Bitwise operators assume that their operands are 32-bit signed integers.
00000000000000000000000000001000 in base 2 is 8 in base 10.
In
8 >> 2 sign-shifting operator shift-right (โ) shifts the binary number two places, preserving the sign (which is the first bit):
00000000000000000000000000000010 in base 2 is 2 in base 10.
In 8 >>> 2 , the zero fill change operator (โ>) shifts the binary number two places, filling the left bits 0s:
00000000000000000000000000000010 in base 2 equals 2 in base 10
They are identical, simply because the first bit for positive binary numbers is zero.
From MDN :
For non-negative numbers, a zero shift to the right and a right shift sign give the same result.
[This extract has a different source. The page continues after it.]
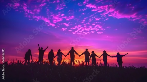 "Silhouette of Group of People Holding Hands Against Vibrant Sunset Sky" concept horizon celebration dusk connection bond

However, for negative numbers, everything looks different:
11111111111111111111111111111000 in base 2 is equal to -8 in base 10.
In -8 >> 2 operator that moves the shift sign (โ) shifts the binary number two places, preserving the sign:
11111111111111111111111111111110 in base 2 is -2 in the base 10.
In -8 >>> 2 , the zero-fill offset operator (โ>) shifts the binary number two places, filling the left bits 0s:
00111111111111111111111111111110 in base 2 is 1073741822 in base 10.